Nothing below is to be printed except the lines between the line holding "Tato celokovová skládací" and the line holding "The 137-acre property, located", inclusive, each exactly as it appears.

→ EXCERPTED RECORDS
——
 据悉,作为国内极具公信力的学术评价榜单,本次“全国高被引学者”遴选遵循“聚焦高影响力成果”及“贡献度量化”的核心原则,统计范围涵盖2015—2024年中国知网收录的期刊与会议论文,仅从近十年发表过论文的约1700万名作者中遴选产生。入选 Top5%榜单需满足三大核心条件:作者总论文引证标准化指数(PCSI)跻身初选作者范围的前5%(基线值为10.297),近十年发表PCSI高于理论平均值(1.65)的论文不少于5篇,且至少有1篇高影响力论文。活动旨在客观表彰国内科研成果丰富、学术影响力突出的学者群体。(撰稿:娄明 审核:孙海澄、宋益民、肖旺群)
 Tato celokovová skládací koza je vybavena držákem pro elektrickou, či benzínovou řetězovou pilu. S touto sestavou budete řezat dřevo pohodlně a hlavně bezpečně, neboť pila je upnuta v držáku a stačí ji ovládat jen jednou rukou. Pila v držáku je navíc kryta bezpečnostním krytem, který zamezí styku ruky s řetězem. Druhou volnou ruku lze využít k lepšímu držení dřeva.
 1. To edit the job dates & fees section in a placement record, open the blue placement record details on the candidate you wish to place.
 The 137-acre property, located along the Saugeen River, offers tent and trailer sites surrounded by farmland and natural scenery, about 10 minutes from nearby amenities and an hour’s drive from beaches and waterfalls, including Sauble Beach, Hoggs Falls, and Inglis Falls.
——
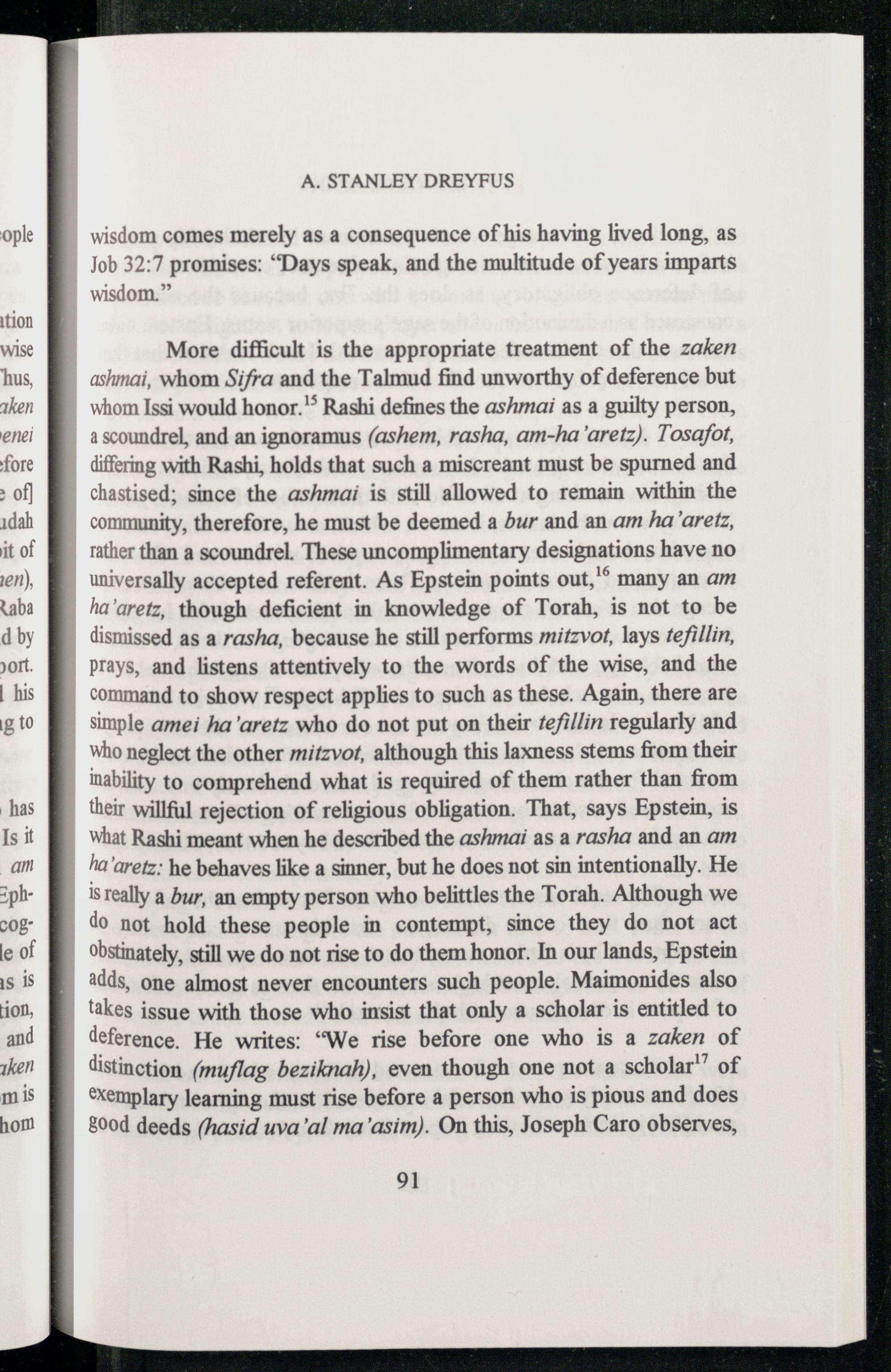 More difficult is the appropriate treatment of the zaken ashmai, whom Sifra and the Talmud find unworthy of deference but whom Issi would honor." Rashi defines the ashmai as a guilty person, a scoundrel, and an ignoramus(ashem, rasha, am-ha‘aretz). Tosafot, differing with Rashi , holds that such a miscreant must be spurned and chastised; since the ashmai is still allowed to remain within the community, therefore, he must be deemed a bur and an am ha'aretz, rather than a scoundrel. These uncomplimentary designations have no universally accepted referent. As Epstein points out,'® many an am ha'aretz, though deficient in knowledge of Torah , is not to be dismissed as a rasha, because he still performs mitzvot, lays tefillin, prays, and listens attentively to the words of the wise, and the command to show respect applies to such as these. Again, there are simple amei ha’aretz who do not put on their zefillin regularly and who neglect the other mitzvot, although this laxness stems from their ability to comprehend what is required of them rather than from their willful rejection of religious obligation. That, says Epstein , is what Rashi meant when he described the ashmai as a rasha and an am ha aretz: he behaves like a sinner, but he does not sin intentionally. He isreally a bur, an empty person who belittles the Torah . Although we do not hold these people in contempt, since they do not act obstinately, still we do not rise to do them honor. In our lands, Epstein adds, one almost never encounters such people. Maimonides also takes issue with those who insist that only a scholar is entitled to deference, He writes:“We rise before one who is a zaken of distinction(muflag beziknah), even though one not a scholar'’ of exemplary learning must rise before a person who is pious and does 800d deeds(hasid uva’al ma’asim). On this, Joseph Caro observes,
——
→ WRITTEN SOLUTION
 Tato celokovová skládací koza je vybavena držákem pro elektrickou, či benzínovou řetězovou pilu. S touto sestavou budete řezat dřevo pohodlně a hlavně bezpečně, neboť pila je upnuta v držáku a stačí ji ovládat jen jednou rukou. Pila v držáku je navíc kryta bezpečnostním krytem, který zamezí styku ruky s řetězem. Druhou volnou ruku lze využít k lepšímu držení dřeva.
 1. To edit the job dates & fees section in a placement record, open the blue placement record details on the candidate you wish to place.
 The 137-acre property, located along the Saugeen River, offers tent and trailer sites surrounded by farmland and natural scenery, about 10 minutes from nearby amenities and an hour’s drive from beaches and waterfalls, including Sauble Beach, Hoggs Falls, and Inglis Falls.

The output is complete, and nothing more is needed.